== Information provided

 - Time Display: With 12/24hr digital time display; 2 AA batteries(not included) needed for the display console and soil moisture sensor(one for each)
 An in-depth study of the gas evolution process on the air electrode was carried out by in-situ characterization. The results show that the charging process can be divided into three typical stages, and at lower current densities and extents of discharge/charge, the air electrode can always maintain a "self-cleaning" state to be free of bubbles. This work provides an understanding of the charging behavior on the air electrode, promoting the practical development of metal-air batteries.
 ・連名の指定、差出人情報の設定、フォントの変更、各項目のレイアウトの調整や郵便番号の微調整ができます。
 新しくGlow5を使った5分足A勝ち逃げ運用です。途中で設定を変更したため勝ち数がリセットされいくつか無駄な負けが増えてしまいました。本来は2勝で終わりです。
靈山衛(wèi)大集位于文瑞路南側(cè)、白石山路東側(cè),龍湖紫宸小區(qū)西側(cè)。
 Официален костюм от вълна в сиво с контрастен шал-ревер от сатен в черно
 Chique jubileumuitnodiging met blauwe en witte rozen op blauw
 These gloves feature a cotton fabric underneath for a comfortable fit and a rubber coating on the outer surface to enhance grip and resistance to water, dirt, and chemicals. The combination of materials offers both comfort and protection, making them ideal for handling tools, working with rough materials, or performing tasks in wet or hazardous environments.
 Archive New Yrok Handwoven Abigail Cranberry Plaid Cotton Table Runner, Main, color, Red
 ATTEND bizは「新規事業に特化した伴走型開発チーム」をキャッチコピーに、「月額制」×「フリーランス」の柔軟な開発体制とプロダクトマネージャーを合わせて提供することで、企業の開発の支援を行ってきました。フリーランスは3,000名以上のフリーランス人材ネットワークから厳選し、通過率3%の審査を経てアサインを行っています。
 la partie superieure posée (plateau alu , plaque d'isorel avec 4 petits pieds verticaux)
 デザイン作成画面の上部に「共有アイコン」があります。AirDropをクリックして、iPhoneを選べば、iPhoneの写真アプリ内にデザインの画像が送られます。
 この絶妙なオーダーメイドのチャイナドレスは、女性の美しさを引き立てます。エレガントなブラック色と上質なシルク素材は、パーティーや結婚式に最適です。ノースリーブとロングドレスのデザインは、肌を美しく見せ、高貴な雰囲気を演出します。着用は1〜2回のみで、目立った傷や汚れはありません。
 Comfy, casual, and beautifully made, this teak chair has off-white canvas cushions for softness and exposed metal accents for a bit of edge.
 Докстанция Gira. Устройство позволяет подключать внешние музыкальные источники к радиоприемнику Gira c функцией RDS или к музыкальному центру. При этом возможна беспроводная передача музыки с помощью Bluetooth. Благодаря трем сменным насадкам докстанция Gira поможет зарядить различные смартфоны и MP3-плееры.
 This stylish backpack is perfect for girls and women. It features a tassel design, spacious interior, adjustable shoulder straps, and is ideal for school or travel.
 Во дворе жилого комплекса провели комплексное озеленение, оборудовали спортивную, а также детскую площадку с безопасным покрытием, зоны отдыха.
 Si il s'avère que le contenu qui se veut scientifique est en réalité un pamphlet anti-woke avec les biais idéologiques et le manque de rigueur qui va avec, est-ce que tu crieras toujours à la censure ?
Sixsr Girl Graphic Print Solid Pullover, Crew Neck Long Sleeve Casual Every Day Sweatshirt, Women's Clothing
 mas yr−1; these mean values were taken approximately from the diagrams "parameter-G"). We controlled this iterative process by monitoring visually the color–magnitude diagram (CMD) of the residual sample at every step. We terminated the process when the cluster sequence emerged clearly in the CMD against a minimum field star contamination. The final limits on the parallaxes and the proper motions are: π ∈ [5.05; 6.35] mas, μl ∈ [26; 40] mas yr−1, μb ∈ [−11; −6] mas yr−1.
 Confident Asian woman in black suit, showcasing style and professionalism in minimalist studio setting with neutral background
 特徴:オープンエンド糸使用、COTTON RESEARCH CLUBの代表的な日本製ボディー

====

◆ **What the exercise asks**: Which lines above include the word "color"? Return each one.

◆ **Worked solution**:
 Archive New Yrok Handwoven Abigail Cranberry Plaid Cotton Table Runner, Main, color, Red
 mas yr−1; these mean values were taken approximately from the diagrams "parameter-G"). We controlled this iterative process by monitoring visually the color–magnitude diagram (CMD) of the residual sample at every step. We terminated the process when the cluster sequence emerged clearly in the CMD against a minimum field star contamination. The final limits on the parallaxes and the proper motions are: π ∈ [5.05; 6.35] mas, μl ∈ [26; 40] mas yr−1, μb ∈ [−11; −6] mas yr−1.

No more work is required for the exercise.